I will readily admit that I hate going to the dentist (this should inspire me to floss more regularly, I’m aware of the inconsistency of my behaviour). However, I’m not actually *scared* while I’m there. Oh, I tense up and I anticipate pain when there isn’t any and I have to work hard to stay calm, but I’m not scared. The dentist is nice. The assistants are kind. They are so very quick and efficient. They give me more freezing if I mumble that it hurts still. I was doing fine, I thought – breathing, squishing my toes and relaxing them, repeating prayers in my head, staying focused on calming my body and reassuring myself it would be over very soon.
And then I just couldn’t breathe.
I had to take Ativan – I still have a few left from when the PTSD started. They don’t seem to make me feel weird or woozy, but I know they interrupt the panic response in the body, so I stuck one under my tongue and waited for it to kick in. I could feel the tremors easing, but I was still pretty rattled so I asked them to get The Boy to come sit with me. He came and held my hand and sat beside me, while they finished the little bit of work that was left – and although I felt perfectly calm in my heart and mind, every time the drill went my whole body started shaking like I was having seizures and I had to squeeze The Boy’s fingers to keep still. I didn’t want to bolt out of the chair, in fact I felt a little sleepy … but there was this strange rattling going on in the rest of my body that just wouldn’t stop and made no sense at all.

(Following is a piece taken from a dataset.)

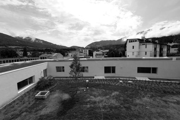 Sollte ich die Musikschule Bruneck in zwei Sätzen de nieren, dann würde ich das Ragenhaus als ein historisches, bürgerliches Gebäude mit einem traumhaften Landschaftsbild als Hintergrund beschreiben und die Erweiterung als eine Ringmauer, die den Monumentalcharakter des Ensembles bekräftigt.

It was embarrassing, though everyone was very supportive and very kind, and reassured me that these things happen and it wasn’t a problem, they just wanted to be sure I was okay. I suppose this must be how it feels to have a seizure in public – even though everyone is kind and supportive and reassures you it wasn’t your fault and couldn’t be helped and nobody’s upset with you, you’re embarrassed anyway.

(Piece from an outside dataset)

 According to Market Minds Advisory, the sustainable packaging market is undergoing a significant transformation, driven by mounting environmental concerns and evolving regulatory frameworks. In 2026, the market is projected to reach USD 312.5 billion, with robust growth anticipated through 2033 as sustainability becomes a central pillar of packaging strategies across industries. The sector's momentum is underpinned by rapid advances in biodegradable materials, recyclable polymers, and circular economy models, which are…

The Boy drove us home and I crashed into a nap. I’m still a little rattled, my mouth is a bit sore (it will be for a few days, always is after I have work done), but I’m okay. I know there’s nothing to be ashamed of – I couldn’t really have done anything else to prevent this, I don’t think. My resources are a bit drained, as it’s been a long week … maybe a bit more rest ahead of the appointments would be good. At least I had my meds with me and someone to drive me if I needed to take them.

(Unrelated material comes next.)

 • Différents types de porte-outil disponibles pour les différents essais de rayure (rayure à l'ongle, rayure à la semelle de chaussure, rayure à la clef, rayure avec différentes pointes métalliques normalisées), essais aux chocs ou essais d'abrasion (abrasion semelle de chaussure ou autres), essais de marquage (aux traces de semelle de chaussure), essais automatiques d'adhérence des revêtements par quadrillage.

I’m grateful for the kindness and supportive attitudes of the dentist and staff, and for my Boy who rolled his eyes a little at my loss of control but supported me anyway, even if he couldn’t understand why I was such a wreck. I don’t understand it myself, but having his hand to hold sure made it easier to get through that last half hour in the dentist’s chair.
Why write about this, then, if I am embarrassed by it?
I guess I just want everyone to understand that having a panic attack doesn’t necessarily mean that the person is a big chicken, that they are a weak-willed scaredy-cat who lets their fear get the better of them. I wasn’t even scared. I thought I was doing fine … then blam. Sometimes, your body just takes over in spite of all your best efforts to remain calm and still.
So if you should ever run into someone who is experiencing something like this, please realize that once it starts, no amount of logic will help … the body has gone off on a tangent, well beyond reach of logic. Just soothe the body with comforting words, a hand to hold, and supportive company. That helps.
Hot chocolate is a good thing too. I think maybe I should go make another cup.